▶ _Brief_
Print the lines that start the entries and continue through the one holding "Poolbereich mit Weitblick", please, exactly and with the pictures omitted.

▶ _Records supplied_

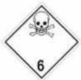
N°6.1 Matière toxique
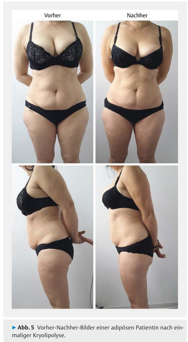
► Abb. 5 Vorher-Nachher-Bilder einer adipösen Patientin nach einmaliger Kryolipolyse.

Auch wenn die Kryolipolyse im Vergleich zur Liposuktion als sanfter, nebenwirkungsarme Methode angesehen wird, gilt wie überall in der Medizin: keine Wirkung ohne Nebenwirkung. Wie In-vitro-Studien zeigten, kommt es erst bei Temperaturen unter 4 Grad zur Kristallisation der Fetttropfen in den Adipozyten [9]. Um die gesamte, meist mehrere Zentimeter dicke Fettschicht abzukühlen, muss mit Temperaturen im Minusbereich gearbeitet werden. Dem Behandler steht nur ein schmaler „Temperatur-Korridor“ zur Verfügung. Bei zu geringer Kühlung
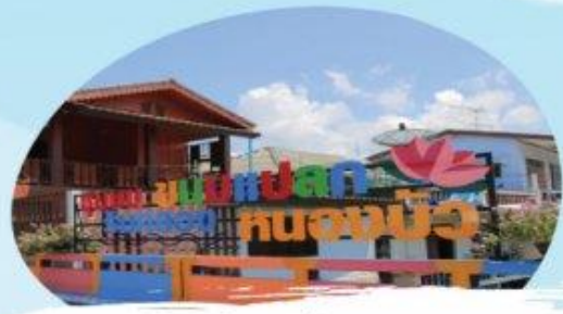
ชุมชนบ่อเกลือ ริมคลองหนองบัว
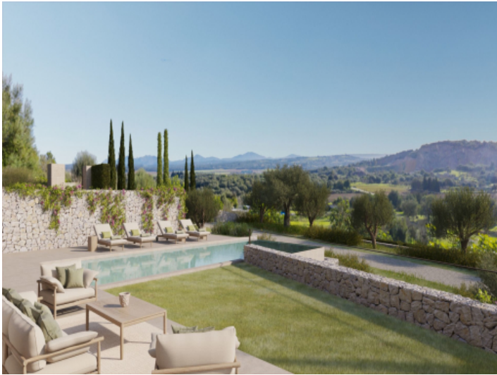
Poolbereich mit Weitblick
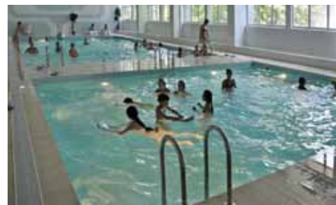
Бассейн ДСОК «Радость».

Конечно, условия проживания и полноценное питание подчас играют решающую роль в выборе, но отдых будет безрадостным и скучным
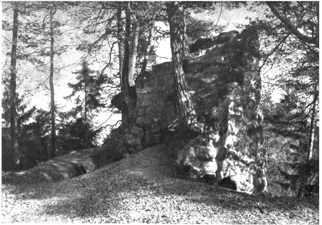
Die heutigen Ruinen der Ritterburg Geristein oberhalb Bolligen

von der einstigen Burg den Namen erhalten hat und heute einen Schulbezirk der ausgedehnten Gemeinde Bolligen bildet. Von Bolligen aus erreicht man das romantische, abgegrenzte Dörflein auf einem prächtigen Wanderweg, der die Landstrasse meidet und über den einseitig gelegenen Bauernweiler Flugbrunnen zur Hochterrasse des Dörfchens Bantigen emporsteigt. Auf dem alten Römerweg durchs Bantigentälchen, das zwischen den waldbedeckten Höhen der Stockeren und des Bantigers verlassen liegt, erreicht man den romantischen Hügel von Geristein. Unterwegs streift man das kleine versteckte Tälchen bei Harnischhut. Im Kriege mit der Stadt Bern sammelte der Graf von Kyburg 1333 im Aargau viel Kriegsvolk und unternahm einen Zug gegen Bern. Aehnlich wie es früher König Rudolf bei der Schosshalde getan hatte, wollte er die Berner aus ihrer festen Stadt herauslocken, um sie ausserhalb ihrer Mauern zu schlagen. In einem Hinterhalt bei Geristein versteckte er den grössten Haufen seiner Leute und liess nur wenige gegen die Stadt reiten. Er dachte, die Berner würden in
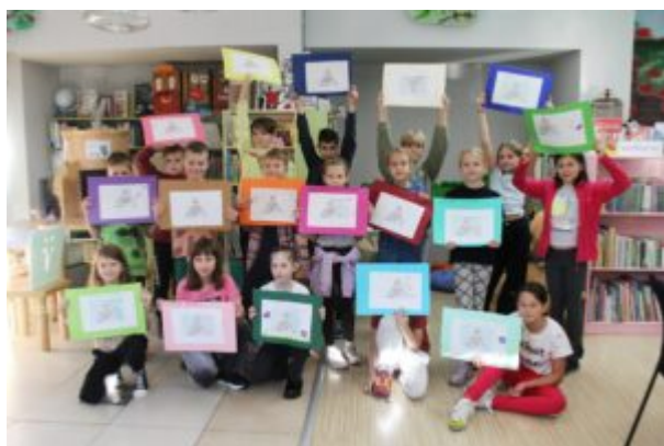
Rozgrywki z Funkiem
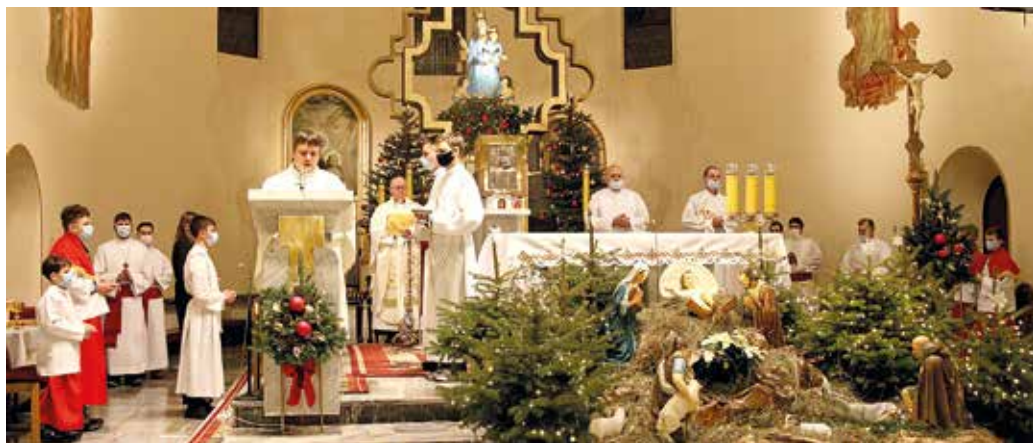
Pasterka w Gierałtowie.
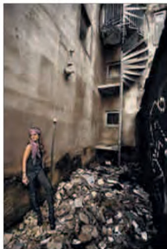
BAKGÅRDEN: Med en modell på plass kan tankefulle bilder skapes.
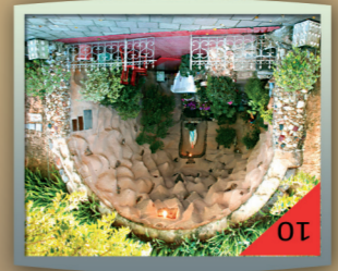
Gruta Nossa Senhora de Lourdes:

Dedicada à Nossa Senhora Mãe de Deus, foi construída em 1943 com o apoio de toda a comunidade. A igreja possui uma torre com quatro sinos, confeccionados com metais também doados pela população. Em momentos especiais ainda é possível ouvir as badaladas dos sinos que ecoam pela cidade. Visite a Igreja Matriz e descubra o que a força e a fé de um povo podem construir.
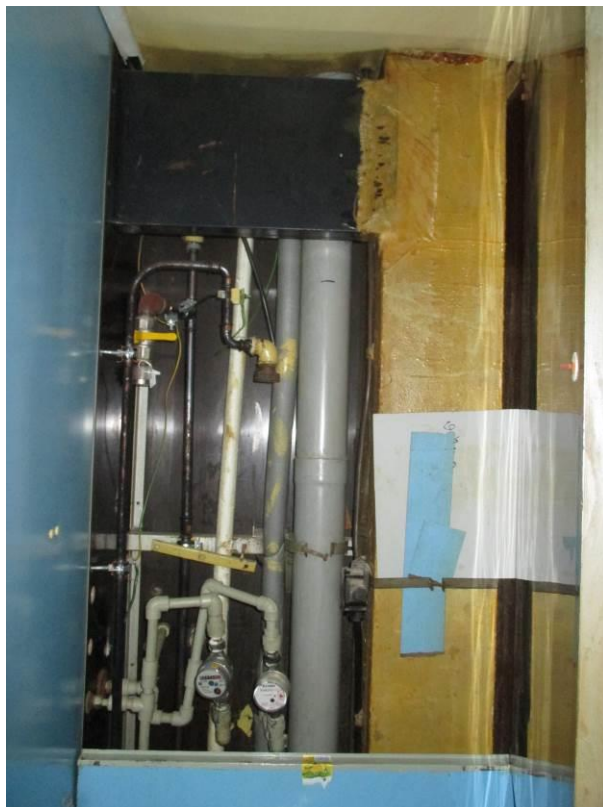
Pohled do instalační šachty za klozetem.

▶ _Answer to the exercise_
N°6.1 Matière toxique
► Abb. 5 Vorher-Nachher-Bilder einer adipösen Patientin nach einmaliger Kryolipolyse.

Auch wenn die Kryolipolyse im Vergleich zur Liposuktion als sanfter, nebenwirkungsarme Methode angesehen wird, gilt wie überall in der Medizin: keine Wirkung ohne Nebenwirkung. Wie In-vitro-Studien zeigten, kommt es erst bei Temperaturen unter 4 Grad zur Kristallisation der Fetttropfen in den Adipozyten [9]. Um die gesamte, meist mehrere Zentimeter dicke Fettschicht abzukühlen, muss mit Temperaturen im Minusbereich gearbeitet werden. Dem Behandler steht nur ein schmaler „Temperatur-Korridor“ zur Verfügung. Bei zu geringer Kühlung
ชุมชนบ่อเกลือ ริมคลองหนองบัว
Poolbereich mit Weitblick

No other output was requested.